◆ Your goal ◆
Retype nothing but the lines from the start of the material up to and including the line with "Minimal 3 Diamond Wavy Stacking Ring, Lab". Pictures don't belong in the copy.

◆ Supplied records ◆
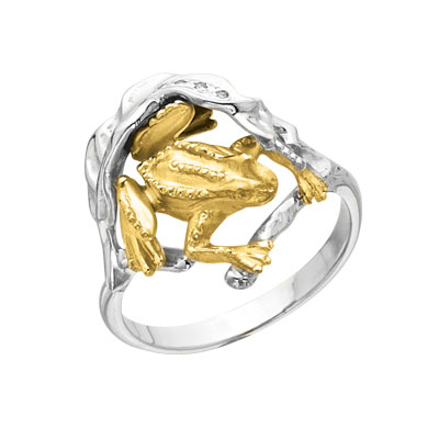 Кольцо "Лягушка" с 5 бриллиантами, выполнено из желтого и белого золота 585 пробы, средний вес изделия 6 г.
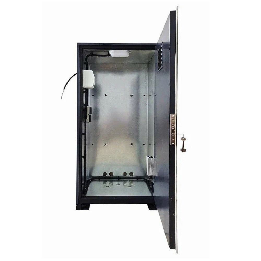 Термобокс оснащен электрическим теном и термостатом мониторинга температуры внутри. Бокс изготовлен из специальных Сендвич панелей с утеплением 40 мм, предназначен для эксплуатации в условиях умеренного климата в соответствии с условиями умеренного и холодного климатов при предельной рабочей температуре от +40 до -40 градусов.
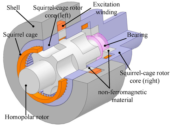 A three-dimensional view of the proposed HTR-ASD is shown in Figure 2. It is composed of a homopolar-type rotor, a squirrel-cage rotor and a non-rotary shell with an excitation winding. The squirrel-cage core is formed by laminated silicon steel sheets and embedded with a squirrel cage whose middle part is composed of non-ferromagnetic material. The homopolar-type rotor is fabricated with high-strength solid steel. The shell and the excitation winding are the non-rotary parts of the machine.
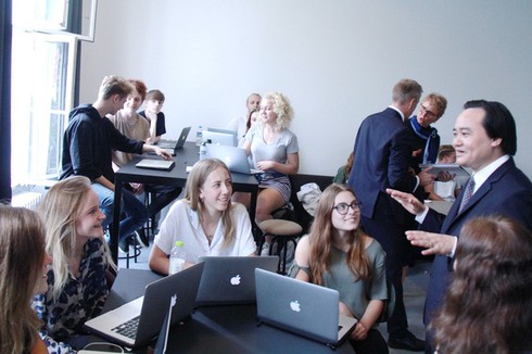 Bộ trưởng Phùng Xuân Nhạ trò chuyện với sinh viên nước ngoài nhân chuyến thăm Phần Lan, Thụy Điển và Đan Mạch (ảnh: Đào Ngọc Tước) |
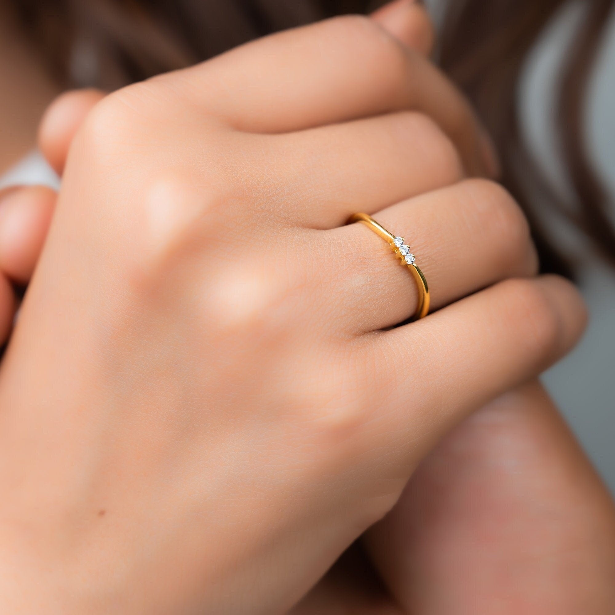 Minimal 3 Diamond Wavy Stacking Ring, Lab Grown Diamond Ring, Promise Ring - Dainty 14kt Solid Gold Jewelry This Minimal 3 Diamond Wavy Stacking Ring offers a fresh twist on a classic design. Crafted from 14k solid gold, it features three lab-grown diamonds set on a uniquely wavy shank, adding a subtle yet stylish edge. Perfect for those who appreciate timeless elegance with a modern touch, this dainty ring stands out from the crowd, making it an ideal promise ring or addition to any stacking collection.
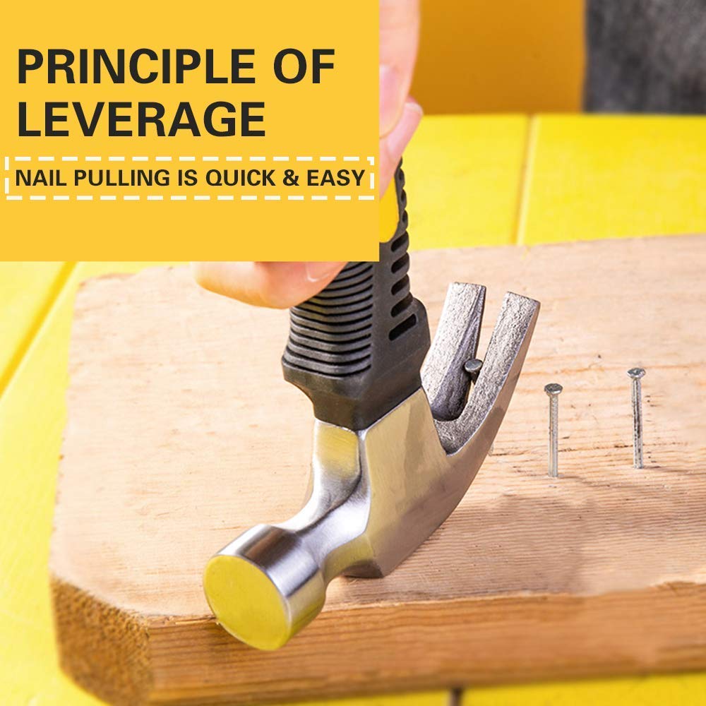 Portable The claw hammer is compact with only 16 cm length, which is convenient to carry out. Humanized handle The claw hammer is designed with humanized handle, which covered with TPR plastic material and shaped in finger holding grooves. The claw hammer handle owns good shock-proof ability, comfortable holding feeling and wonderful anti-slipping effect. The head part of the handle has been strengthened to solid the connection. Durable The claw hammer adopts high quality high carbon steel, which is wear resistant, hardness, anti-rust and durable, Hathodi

◆ Task solution ◆
 Кольцо "Лягушка" с 5 бриллиантами, выполнено из желтого и белого золота 585 пробы, средний вес изделия 6 г.
 Термобокс оснащен электрическим теном и термостатом мониторинга температуры внутри. Бокс изготовлен из специальных Сендвич панелей с утеплением 40 мм, предназначен для эксплуатации в условиях умеренного климата в соответствии с условиями умеренного и холодного климатов при предельной рабочей температуре от +40 до -40 градусов.
 A three-dimensional view of the proposed HTR-ASD is shown in Figure 2. It is composed of a homopolar-type rotor, a squirrel-cage rotor and a non-rotary shell with an excitation winding. The squirrel-cage core is formed by laminated silicon steel sheets and embedded with a squirrel cage whose middle part is composed of non-ferromagnetic material. The homopolar-type rotor is fabricated with high-strength solid steel. The shell and the excitation winding are the non-rotary parts of the machine.
 Bộ trưởng Phùng Xuân Nhạ trò chuyện với sinh viên nước ngoài nhân chuyến thăm Phần Lan, Thụy Điển và Đan Mạch (ảnh: Đào Ngọc Tước) |
 Minimal 3 Diamond Wavy Stacking Ring, Lab Grown Diamond Ring, Promise Ring - Dainty 14kt Solid Gold Jewelry This Minimal 3 Diamond Wavy Stacking Ring offers a fresh twist on a classic design. Crafted from 14k solid gold, it features three lab-grown diamonds set on a uniquely wavy shank, adding a subtle yet stylish edge. Perfect for those who appreciate timeless elegance with a modern touch, this dainty ring stands out from the crowd, making it an ideal promise ring or addition to any stacking collection.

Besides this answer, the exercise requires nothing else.